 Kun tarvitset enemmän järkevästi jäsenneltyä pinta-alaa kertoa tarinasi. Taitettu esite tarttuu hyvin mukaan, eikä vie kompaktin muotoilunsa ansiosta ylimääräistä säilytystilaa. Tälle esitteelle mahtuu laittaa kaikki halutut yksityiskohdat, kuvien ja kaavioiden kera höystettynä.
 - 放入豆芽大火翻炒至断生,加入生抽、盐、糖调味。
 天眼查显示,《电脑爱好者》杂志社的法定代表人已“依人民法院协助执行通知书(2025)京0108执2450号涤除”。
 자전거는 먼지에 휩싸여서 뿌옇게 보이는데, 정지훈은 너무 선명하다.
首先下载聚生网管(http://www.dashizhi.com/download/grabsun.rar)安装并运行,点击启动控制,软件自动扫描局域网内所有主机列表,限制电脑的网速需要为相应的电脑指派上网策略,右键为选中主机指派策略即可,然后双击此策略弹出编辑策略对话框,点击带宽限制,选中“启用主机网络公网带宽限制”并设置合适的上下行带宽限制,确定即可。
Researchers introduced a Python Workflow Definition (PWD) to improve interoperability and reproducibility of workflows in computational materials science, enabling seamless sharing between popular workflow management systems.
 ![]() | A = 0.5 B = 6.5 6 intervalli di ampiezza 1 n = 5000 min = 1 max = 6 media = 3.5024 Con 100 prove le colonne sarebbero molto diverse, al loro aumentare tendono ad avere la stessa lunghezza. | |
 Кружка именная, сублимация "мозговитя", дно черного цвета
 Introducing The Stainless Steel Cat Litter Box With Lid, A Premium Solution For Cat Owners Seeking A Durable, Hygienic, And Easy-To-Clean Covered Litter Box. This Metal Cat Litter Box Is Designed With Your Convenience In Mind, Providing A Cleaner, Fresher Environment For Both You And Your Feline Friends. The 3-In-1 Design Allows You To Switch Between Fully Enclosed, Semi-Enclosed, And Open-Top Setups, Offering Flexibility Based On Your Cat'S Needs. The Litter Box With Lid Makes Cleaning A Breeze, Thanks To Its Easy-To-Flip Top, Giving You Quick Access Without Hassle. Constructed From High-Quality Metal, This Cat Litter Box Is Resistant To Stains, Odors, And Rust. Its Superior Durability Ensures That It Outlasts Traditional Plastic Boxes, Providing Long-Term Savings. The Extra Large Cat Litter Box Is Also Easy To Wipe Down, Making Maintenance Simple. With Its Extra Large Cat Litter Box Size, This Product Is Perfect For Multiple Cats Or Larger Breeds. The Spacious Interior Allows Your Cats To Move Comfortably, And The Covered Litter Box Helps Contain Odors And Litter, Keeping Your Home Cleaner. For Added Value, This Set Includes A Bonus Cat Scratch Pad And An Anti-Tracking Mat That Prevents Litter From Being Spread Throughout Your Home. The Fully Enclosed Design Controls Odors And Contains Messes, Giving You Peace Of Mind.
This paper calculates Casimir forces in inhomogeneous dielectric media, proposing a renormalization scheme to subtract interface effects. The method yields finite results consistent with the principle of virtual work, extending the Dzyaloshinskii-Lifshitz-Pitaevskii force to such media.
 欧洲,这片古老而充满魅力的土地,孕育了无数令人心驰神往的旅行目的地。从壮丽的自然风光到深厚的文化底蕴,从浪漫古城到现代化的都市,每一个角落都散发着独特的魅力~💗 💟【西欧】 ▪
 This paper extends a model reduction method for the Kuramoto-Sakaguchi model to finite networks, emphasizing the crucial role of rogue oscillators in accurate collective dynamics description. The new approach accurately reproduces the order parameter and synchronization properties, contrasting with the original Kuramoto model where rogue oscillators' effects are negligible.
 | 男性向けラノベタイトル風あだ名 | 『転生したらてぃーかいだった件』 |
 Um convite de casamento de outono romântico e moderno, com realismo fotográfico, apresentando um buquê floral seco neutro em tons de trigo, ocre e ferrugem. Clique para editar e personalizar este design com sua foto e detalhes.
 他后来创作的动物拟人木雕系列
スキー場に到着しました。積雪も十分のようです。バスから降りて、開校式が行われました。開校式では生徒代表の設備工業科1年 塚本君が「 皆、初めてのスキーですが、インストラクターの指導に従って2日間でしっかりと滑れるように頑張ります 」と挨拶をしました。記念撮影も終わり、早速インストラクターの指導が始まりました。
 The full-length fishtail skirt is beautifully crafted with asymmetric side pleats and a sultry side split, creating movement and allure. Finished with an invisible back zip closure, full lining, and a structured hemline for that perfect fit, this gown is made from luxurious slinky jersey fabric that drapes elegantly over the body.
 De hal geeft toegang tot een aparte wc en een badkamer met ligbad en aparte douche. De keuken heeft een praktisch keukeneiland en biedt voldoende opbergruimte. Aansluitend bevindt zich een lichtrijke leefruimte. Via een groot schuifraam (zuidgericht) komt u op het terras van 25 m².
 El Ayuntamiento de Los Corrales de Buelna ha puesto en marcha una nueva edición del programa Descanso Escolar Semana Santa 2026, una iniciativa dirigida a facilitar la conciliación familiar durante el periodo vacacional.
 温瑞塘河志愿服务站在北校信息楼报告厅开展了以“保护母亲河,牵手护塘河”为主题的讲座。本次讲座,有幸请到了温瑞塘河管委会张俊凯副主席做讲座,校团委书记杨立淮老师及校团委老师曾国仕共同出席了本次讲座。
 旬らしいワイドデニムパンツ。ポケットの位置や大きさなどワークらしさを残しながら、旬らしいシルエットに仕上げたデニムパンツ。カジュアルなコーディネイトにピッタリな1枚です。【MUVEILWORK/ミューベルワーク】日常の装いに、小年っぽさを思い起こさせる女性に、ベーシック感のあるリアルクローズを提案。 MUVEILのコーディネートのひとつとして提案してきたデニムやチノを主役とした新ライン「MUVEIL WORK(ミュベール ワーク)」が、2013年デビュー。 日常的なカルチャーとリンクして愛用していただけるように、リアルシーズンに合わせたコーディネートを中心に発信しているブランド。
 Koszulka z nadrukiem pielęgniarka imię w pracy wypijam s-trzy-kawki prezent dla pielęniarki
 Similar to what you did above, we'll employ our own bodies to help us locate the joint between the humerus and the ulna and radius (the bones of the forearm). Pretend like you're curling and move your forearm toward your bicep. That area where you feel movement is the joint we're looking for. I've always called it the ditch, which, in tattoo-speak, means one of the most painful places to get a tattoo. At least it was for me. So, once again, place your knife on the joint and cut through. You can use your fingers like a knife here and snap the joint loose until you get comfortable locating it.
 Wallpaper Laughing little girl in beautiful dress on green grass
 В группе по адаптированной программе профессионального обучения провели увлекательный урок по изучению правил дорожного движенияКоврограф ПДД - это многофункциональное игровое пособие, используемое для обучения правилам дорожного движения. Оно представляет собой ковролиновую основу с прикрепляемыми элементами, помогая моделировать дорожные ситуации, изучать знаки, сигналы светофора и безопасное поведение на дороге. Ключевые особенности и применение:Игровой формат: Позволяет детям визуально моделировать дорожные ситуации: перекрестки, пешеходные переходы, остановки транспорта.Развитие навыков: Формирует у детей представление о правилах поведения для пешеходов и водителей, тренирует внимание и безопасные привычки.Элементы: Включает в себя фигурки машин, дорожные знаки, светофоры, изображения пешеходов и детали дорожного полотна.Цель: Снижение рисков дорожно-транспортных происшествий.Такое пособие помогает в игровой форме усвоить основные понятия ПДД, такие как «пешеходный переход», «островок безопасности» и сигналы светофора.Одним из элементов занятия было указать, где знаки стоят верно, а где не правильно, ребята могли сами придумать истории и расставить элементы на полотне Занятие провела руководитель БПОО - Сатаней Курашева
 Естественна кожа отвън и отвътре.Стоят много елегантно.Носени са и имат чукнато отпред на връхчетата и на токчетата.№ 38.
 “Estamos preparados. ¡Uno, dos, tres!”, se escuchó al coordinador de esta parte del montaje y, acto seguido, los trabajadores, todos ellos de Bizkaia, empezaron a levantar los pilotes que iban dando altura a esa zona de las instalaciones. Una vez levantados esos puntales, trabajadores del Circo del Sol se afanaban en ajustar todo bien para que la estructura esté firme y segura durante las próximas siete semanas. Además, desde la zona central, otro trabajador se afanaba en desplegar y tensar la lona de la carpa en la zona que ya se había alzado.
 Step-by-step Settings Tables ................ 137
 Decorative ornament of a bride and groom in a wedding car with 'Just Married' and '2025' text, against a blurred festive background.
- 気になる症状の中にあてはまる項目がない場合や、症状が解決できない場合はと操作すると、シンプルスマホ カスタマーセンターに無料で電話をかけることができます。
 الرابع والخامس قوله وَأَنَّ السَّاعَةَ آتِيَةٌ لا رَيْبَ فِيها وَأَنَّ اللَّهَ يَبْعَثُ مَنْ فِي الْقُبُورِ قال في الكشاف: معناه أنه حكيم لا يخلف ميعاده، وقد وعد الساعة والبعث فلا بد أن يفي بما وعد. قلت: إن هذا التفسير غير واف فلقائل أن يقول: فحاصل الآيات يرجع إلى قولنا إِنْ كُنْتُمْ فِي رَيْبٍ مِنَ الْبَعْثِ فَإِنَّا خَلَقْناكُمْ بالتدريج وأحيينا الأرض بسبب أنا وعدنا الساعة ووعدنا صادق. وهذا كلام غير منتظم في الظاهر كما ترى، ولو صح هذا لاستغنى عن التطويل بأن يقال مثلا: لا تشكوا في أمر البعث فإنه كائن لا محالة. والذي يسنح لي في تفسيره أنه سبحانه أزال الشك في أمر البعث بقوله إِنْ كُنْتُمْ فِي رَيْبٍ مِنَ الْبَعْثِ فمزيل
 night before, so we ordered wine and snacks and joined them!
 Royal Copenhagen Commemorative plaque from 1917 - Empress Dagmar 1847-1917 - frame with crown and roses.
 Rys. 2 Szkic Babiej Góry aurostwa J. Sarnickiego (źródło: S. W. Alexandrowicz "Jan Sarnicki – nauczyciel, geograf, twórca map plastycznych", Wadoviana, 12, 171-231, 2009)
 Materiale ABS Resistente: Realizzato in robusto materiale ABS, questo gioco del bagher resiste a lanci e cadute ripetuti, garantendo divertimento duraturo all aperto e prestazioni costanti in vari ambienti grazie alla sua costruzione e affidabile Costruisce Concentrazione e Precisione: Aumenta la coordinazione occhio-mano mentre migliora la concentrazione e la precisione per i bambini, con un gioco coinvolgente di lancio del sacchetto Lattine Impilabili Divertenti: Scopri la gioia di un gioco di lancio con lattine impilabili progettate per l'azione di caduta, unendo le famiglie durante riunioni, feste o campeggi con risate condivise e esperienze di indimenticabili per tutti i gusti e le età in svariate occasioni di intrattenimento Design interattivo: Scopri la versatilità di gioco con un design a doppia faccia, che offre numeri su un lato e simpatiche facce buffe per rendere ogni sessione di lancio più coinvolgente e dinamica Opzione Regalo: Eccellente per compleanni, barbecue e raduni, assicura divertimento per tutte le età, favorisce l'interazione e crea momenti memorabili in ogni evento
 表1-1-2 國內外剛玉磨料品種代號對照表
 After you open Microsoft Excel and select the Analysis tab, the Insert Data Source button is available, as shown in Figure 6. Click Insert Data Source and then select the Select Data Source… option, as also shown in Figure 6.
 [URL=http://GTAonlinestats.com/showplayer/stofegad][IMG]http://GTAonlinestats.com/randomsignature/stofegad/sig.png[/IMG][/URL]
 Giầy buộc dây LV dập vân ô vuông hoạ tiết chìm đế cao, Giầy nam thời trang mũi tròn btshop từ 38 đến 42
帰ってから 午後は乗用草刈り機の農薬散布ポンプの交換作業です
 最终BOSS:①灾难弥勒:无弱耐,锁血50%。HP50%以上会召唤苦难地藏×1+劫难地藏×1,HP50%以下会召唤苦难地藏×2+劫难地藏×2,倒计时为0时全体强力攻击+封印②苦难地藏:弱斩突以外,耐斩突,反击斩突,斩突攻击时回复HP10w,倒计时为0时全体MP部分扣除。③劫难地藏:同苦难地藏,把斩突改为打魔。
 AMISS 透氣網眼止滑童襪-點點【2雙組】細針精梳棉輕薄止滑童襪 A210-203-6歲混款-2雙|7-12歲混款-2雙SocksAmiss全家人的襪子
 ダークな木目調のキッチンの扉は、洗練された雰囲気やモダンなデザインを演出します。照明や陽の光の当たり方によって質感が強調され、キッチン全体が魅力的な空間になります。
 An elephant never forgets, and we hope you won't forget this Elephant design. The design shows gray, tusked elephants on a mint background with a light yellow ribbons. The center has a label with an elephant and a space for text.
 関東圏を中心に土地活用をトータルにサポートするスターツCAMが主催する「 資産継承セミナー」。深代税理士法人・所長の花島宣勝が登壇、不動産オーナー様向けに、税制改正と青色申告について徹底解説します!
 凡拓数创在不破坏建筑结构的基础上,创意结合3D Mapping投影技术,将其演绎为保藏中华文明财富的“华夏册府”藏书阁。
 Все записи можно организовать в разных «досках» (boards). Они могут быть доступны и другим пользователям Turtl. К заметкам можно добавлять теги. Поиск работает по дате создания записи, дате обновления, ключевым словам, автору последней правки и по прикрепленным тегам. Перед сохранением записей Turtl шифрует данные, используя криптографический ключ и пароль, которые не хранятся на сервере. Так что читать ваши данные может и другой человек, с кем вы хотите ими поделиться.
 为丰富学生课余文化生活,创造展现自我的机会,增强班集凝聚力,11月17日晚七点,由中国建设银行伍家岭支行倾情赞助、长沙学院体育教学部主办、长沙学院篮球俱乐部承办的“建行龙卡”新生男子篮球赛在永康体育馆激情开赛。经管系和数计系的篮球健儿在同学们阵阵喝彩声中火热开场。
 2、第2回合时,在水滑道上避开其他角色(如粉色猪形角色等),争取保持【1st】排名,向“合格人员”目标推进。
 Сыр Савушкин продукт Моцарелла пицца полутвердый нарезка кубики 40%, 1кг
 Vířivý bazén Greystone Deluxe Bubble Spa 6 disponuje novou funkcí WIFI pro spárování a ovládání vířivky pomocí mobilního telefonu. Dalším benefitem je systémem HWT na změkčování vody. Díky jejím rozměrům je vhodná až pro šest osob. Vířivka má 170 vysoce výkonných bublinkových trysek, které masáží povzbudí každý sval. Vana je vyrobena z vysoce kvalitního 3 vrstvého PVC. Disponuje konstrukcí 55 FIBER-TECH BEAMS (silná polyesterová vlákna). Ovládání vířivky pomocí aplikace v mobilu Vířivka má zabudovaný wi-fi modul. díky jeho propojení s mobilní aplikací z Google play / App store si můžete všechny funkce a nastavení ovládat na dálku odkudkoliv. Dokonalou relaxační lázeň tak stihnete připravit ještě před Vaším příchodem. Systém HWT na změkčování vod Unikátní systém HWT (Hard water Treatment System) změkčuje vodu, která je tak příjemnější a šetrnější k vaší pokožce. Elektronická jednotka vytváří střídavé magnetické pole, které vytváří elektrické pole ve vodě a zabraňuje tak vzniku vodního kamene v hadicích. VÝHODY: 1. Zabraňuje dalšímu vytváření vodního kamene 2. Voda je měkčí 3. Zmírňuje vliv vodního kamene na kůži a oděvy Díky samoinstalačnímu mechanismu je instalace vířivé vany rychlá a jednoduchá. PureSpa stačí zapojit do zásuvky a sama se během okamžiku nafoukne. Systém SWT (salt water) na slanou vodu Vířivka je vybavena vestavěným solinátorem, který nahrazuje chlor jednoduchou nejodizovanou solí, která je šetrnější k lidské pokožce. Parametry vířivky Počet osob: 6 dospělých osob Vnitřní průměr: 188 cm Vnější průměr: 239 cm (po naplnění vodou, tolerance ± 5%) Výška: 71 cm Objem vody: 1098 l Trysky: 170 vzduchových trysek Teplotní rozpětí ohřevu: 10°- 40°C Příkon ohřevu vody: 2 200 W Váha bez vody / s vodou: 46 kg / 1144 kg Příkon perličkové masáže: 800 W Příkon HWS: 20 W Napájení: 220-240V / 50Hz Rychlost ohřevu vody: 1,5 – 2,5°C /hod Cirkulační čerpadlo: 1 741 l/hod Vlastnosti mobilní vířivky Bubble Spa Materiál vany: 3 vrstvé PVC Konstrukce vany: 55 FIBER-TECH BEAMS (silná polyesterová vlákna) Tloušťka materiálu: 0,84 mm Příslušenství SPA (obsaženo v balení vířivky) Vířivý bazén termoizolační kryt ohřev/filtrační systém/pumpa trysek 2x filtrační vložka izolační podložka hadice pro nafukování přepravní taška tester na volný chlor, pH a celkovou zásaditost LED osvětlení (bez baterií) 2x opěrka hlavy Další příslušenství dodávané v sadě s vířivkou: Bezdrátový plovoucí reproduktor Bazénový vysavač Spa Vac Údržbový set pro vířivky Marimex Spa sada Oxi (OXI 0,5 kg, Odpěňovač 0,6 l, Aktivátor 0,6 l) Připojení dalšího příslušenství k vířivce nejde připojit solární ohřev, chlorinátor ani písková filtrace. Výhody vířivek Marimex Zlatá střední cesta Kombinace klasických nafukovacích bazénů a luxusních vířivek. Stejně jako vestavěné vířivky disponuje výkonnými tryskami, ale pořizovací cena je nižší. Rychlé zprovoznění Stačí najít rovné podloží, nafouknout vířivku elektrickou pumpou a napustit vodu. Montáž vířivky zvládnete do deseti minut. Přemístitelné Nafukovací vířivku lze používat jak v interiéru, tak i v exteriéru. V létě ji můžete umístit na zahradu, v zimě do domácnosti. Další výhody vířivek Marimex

━━━

Find the string "finite" in the data. Report each line it appears in.

__RESPONSE BOX__.
This paper calculates Casimir forces in inhomogeneous dielectric media, proposing a renormalization scheme to subtract interface effects. The method yields finite results consistent with the principle of virtual work, extending the Dzyaloshinskii-Lifshitz-Pitaevskii force to such media.
 This paper extends a model reduction method for the Kuramoto-Sakaguchi model to finite networks, emphasizing the crucial role of rogue oscillators in accurate collective dynamics description. The new approach accurately reproduces the order parameter and synchronization properties, contrasting with the original Kuramoto model where rogue oscillators' effects are negligible.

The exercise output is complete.